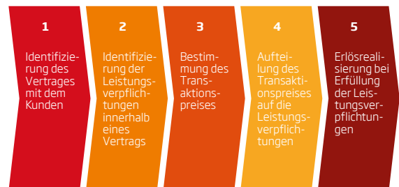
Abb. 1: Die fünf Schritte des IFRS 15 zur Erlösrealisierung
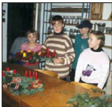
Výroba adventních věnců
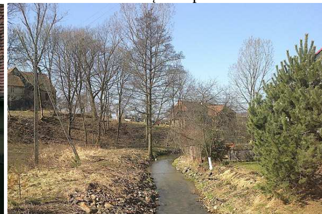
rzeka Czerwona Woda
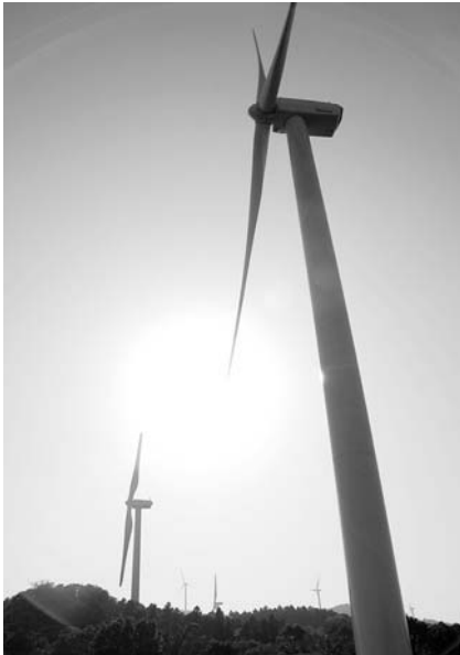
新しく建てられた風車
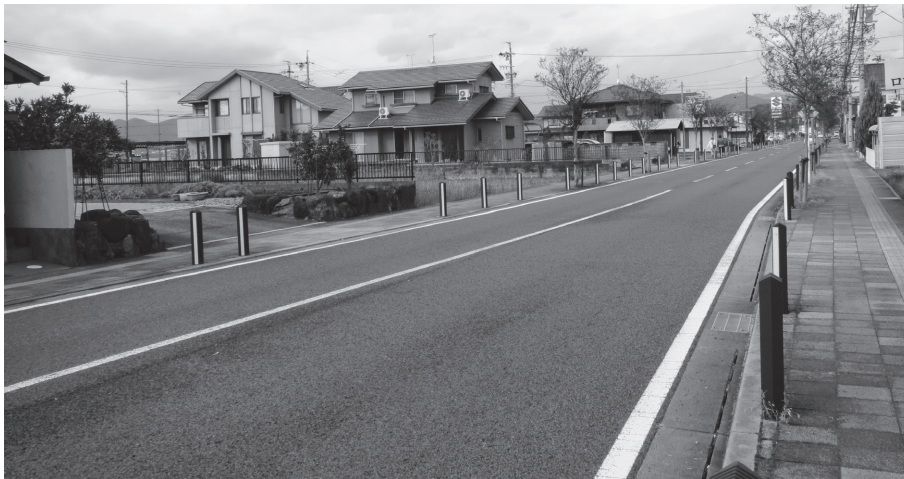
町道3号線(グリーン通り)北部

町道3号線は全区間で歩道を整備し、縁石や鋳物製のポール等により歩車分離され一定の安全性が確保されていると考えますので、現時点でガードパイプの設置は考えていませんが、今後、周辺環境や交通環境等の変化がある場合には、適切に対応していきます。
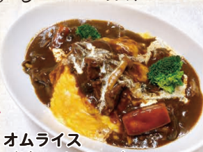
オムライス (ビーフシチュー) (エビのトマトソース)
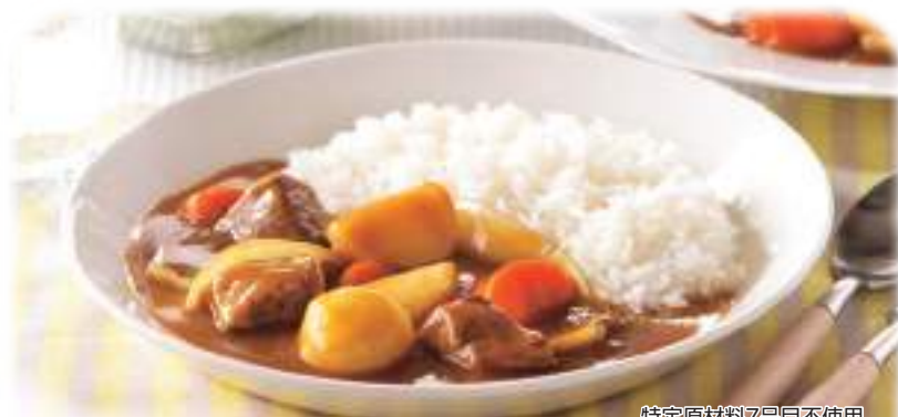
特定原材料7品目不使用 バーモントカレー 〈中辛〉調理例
==
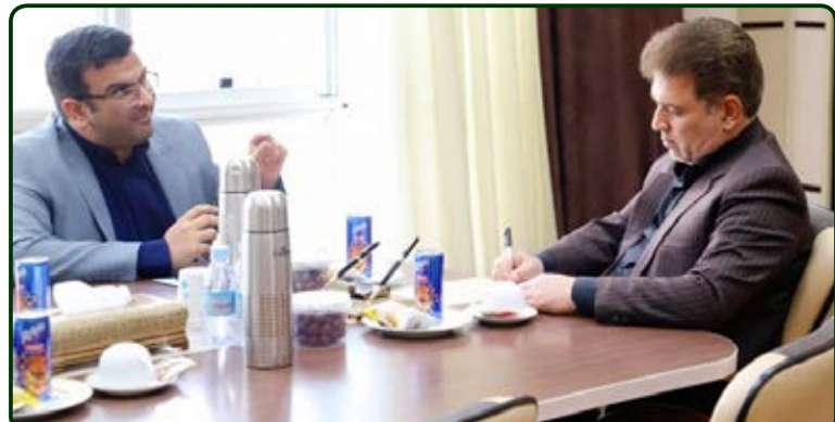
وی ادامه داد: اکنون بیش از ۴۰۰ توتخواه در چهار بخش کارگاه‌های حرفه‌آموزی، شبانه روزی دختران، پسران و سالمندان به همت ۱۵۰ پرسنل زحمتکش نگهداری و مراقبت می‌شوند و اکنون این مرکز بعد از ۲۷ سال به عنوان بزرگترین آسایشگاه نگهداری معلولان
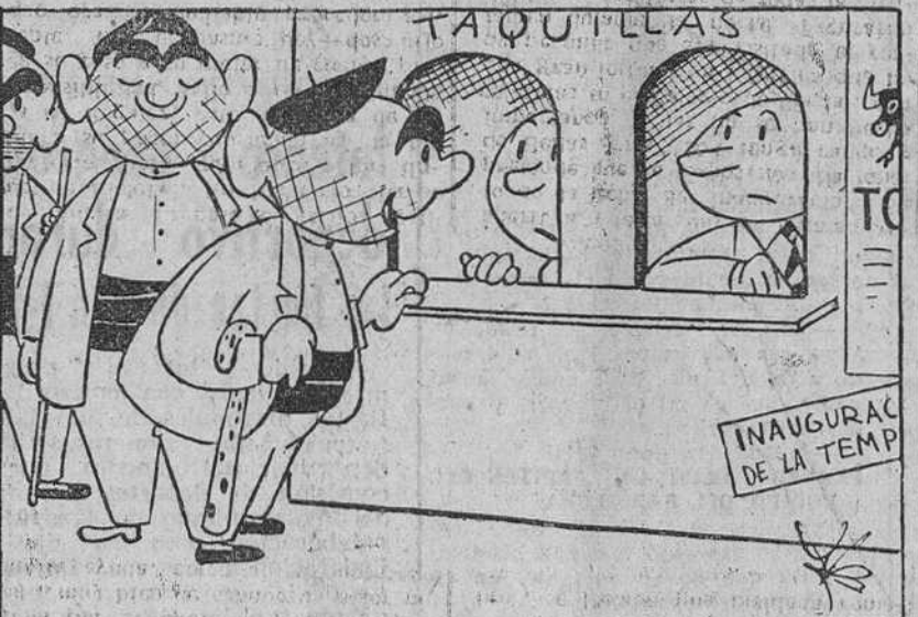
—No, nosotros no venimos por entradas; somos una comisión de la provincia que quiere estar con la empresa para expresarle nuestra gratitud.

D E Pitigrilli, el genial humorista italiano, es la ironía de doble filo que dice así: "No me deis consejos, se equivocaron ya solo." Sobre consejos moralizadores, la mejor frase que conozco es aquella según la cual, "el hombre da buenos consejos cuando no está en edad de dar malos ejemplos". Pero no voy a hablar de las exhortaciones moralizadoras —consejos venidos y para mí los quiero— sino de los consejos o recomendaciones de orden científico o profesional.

▶ What is needed: What is needed is an exact copy of the lines above, from the one holding "Abb. 1: Die" down to the one holding "特定原材料7品目不使用 バーモントカレー 〈中辛〉調理例", with those two included and the pictures left out.

▶ Your solution:
Abb. 1: Die fünf Schritte des IFRS 15 zur Erlösrealisierung
Výroba adventních věnců
rzeka Czerwona Woda
新しく建てられた風車
町道3号線(グリーン通り)北部

町道3号線は全区間で歩道を整備し、縁石や鋳物製のポール等により歩車分離され一定の安全性が確保されていると考えますので、現時点でガードパイプの設置は考えていませんが、今後、周辺環境や交通環境等の変化がある場合には、適切に対応していきます。
オムライス (ビーフシチュー) (エビのトマトソース)
特定原材料7品目不使用 バーモントカレー 〈中辛〉調理例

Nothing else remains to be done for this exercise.